Your heart’s in good hands with PromiseCare. The cardiologists at PromiseCare are among the best.
The cardiologists at PromiseCare provide diagnosis, treatment and coordination of patient care with primary care physicians and surgeons using their expertise in all types of cardiovascular diseases and underlying conditions. We offer comprehensive heart care services to you and your family across Riverside County – from Temecula to Riverside – via the latest in medical technology, making our team of experts available where and when you need them.
PromiseCare diagnoses and treats the following conditions:
A PromiseCare cardiologist also assists patients in managing, reducing or eliminating heart disease risk factors, such as high blood pressure, high cholesterol, and diabetes.
Transplanting a heart involves removing the diseased heart from a patient and replacing it with a healthy one from an organ donor.
Two or more healthcare providers must declare the donor brain-dead before removing the heart.

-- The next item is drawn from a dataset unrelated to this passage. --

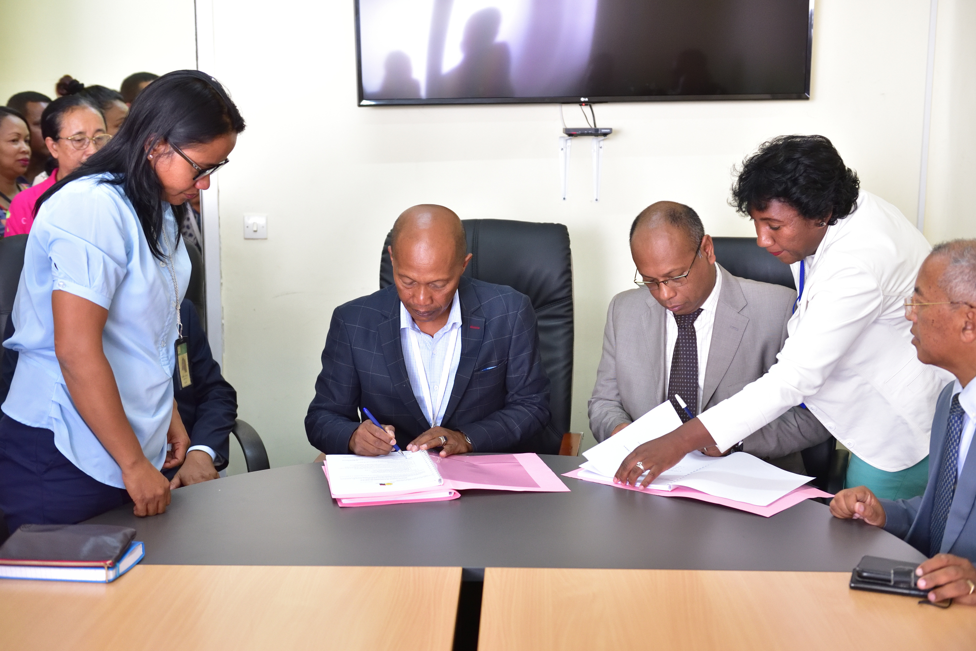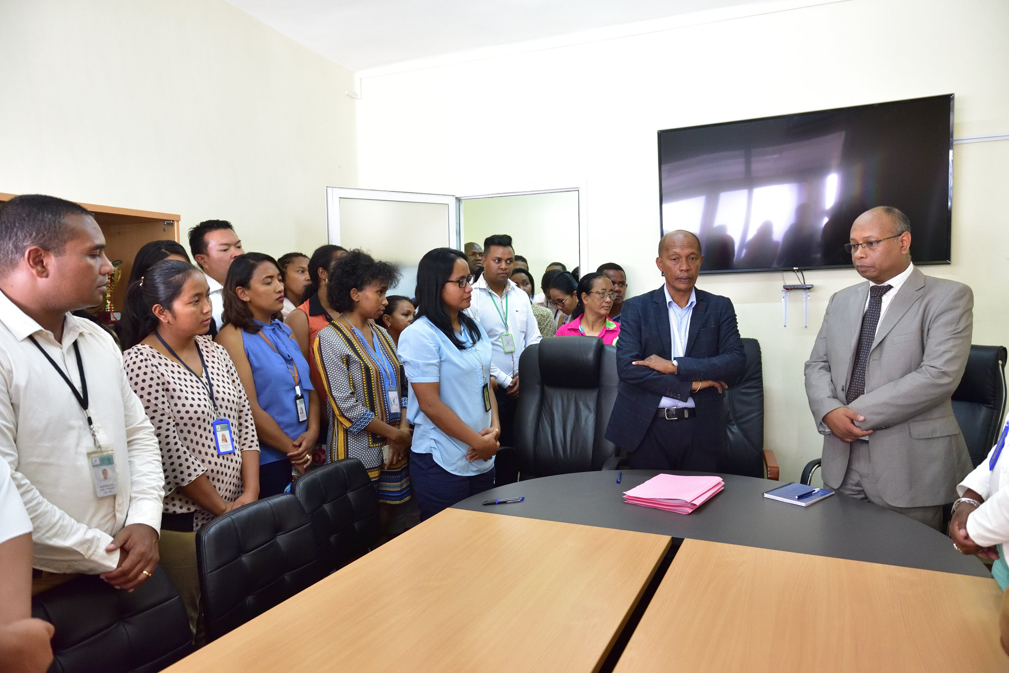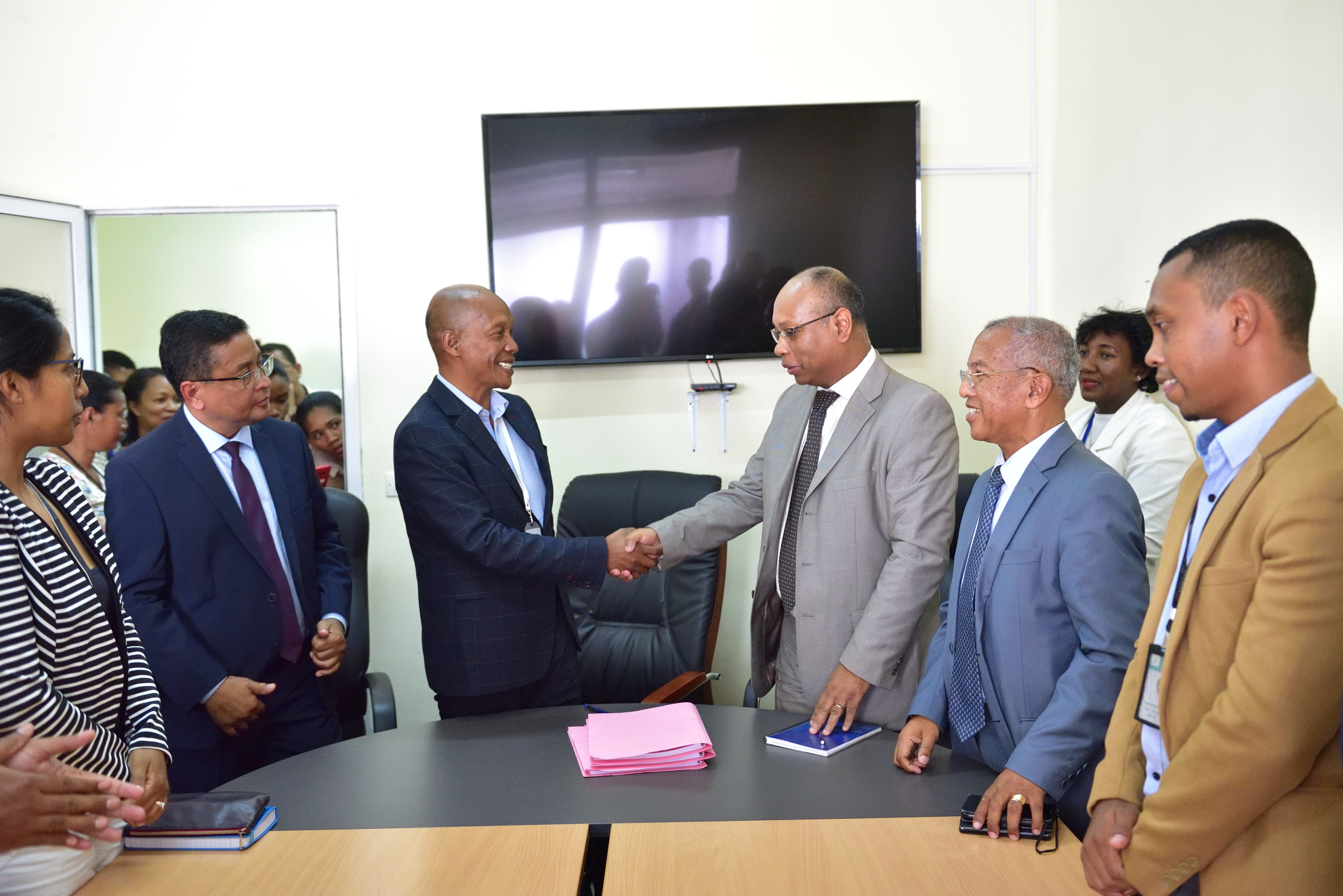 Suite à sa récente nomination au niveau du Conseil des Ministres, en date du 11 Mars 2020, la cérémonie de passation de service entre Monsieur RABEHARISOA Rija, Directeur de l’Audit Interne entrant, et son prédécesseur Monsieur RAVELOSON Herinirina, s’est tenue le jeudi 12 mars 2020 au sein du bâtiment du Ministère de l’Economie et des Finances à Antsahavola. Elle s’est déroulée dans la salle de réunion de ladite Direction, en présence de monsieur le Directeur de Cabinet p.i, Monsieur RAJOELISON José Richard, et de 2 Conseillers Techniques du Cabinet du MEF à savoir Monsieur ANDRIMAMPANDRY Mamy et Madame RANAIVOSON Rojoniaina, ainsi que tout le personnel de la DAI. Monsieur le Directeur de Cabinet a tenu à remercier Monsieur RAVELOSON Herinirina pour ses bons et loyaux services qu’il a consacré à l’Administration, notamment à la Direction de l’Audit Interne ; il a ensuite présenté et félicité le nouveau Directeur, en mettant en exergue son parcours professionnel, en rapport particulier avec le milieu de l’Audit. En effet, le poste de Directeur auquel Monsieur Rija RABEHARISOA vient d’être nommé lui est familier puisqu’auparavant, il a déjà eu l’occasion de travailler avec le MEF, lors de la réforme des Finances publiques au sein du Comité de Réflexion et de Réforme des Organes de Contrôle (CRROC 2001-2006), et dans le cadre du projet « Fanjakana ho an’ny daholo-be » avec l’Union Européenne en 2015. Enfin, le nouveau directeur s’est exprimé en remerciant en premier lieu le Gouvernement, les hauts responsables de lui avoir accordé leur confiance et il a également assuré les autorités présentes de son dévouement envers son pays à travers le slogan : « asam-panjakana manompo firenena ». En ce sens, il compte sur la collaboration de tous ses collègues de la DAI dans l’accomplissement des travaux déjà entamés ainsi que pour l’atteinte des nouveaux objectifs à fixer, en l’occurrence les réformes qu’il doit apporter selon la limite de ses compétences au nom de la fonction Audit Interne au niveau du MEF, pour servir les visions de l’Administration Publique, notamment dans le cadre de l’IEM. Cellule Communication DAI

A heart transplant is not for everyone.
A transplant team reviews the evaluation due to the wide range of information needed to determine if a person is eligible for transplant.
An organ transplant team consists of a transplant surgeon, a transplant cardiologist (a doctor specializing in treating the heart), nurse practitioners or physician assistants, one or more transplant nurses, a social worker, and a psychiatrist or psychologist.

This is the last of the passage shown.